Your projectile launching system is partially jammed. It can only launch objects with an initial vertical velocity of 42.0 m/s, though the horizontal component of the velocity can vary. You need your projectile to land 214 m from its launch point. What horizontal velocity do you need to program into the system?
the height is
h(t) = 42t - 4.9t^2 = t(42-4.9)
h=0 when t=8.57
so, after 8.57 seconds, the horizontal distance traveled is 214m.

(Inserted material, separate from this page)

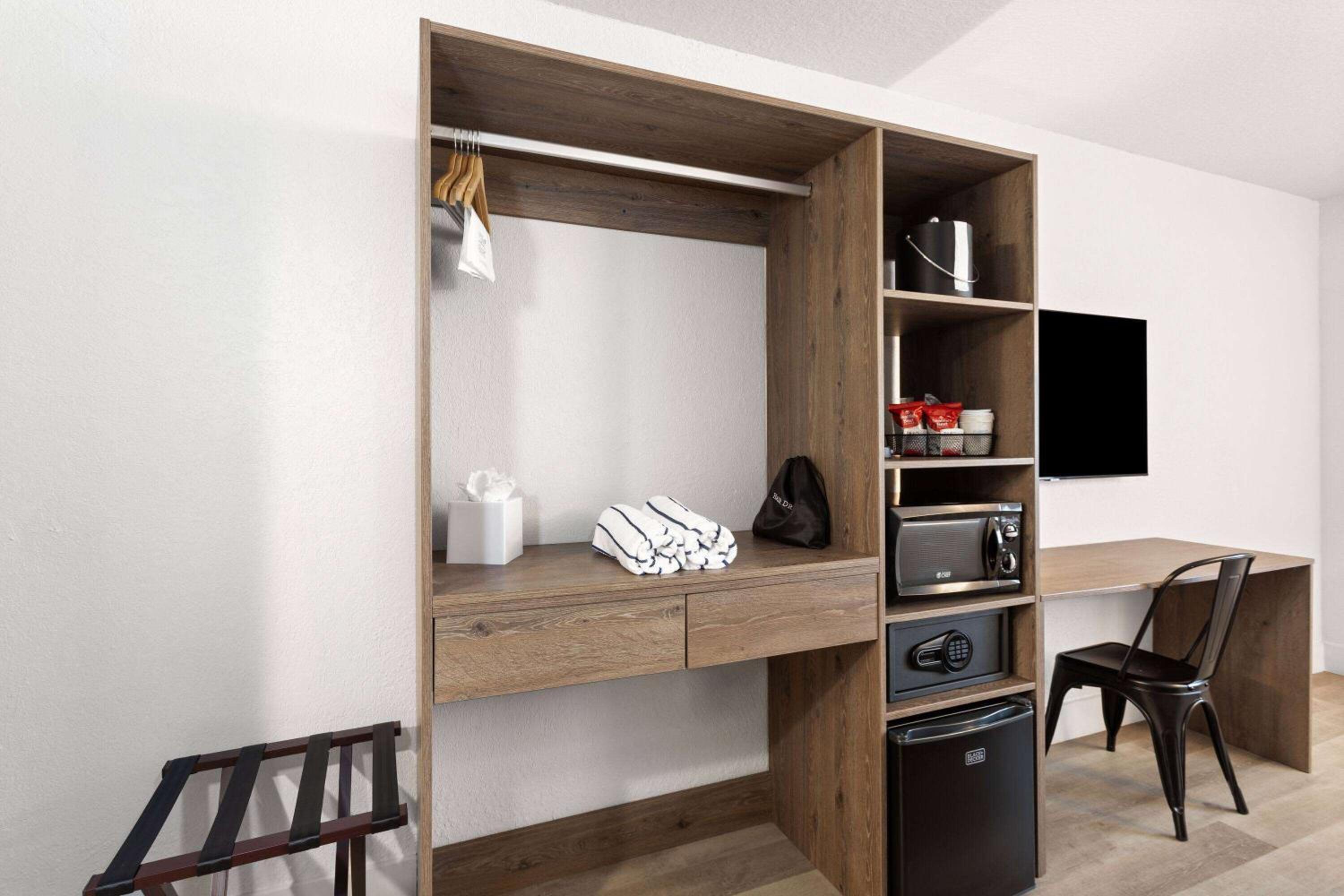 Enjoy a delightful start to your day with our complimentary continental breakfast. Each room is equipped with a microwave, refrigerator, and free wireless internet to make you feel at home.

Since the horizontal component dies not change (much)
Vx = 214m/8.57s = 25 m/s
How did you come up with 4.9t^2?
To find the required horizontal velocity for the projectile launcher, we can use the following equation:
Range = horizontal velocity * time
In this case, the range is given as 214 m.
The time of flight for a projectile can be determined using the vertical motion equation:
Vertical Displacement = Initial Vertical Velocity * Time - (1/2) * Acceleration Due to Gravity * Time^2
Since the vertical displacement is zero at the end of the motion, we can solve this equation for time:
0 = (42.0 m/s) * Time - (1/2) * (9.8 m/s^2) * Time^2
Simplifying the equation gives us:
(1/2) * (9.8 m/s^2) * Time^2 = (42.0 m/s) * Time
Simplifying further:
4.9 m/s^2 * Time^2 - 42.0 m/s * Time = 0
Solving this quadratic equation, we get two possible values for time: t1 = 0 s and t2 = 8.622 s.
Since the projectile will be in the air for a positive time, t1 = 0 s is not valid. Therefore, the time of flight is 8.622 s.
Now we can substitute the time of flight into the range equation:
214 m = horizontal velocity * 8.622 s
Solving for the required horizontal velocity yields:
horizontal velocity = 214 m / 8.622 s ≈ 24.81 m/s
Therefore, you need to program a horizontal velocity of approximately 24.81 m/s into the system to achieve a range of 214 m.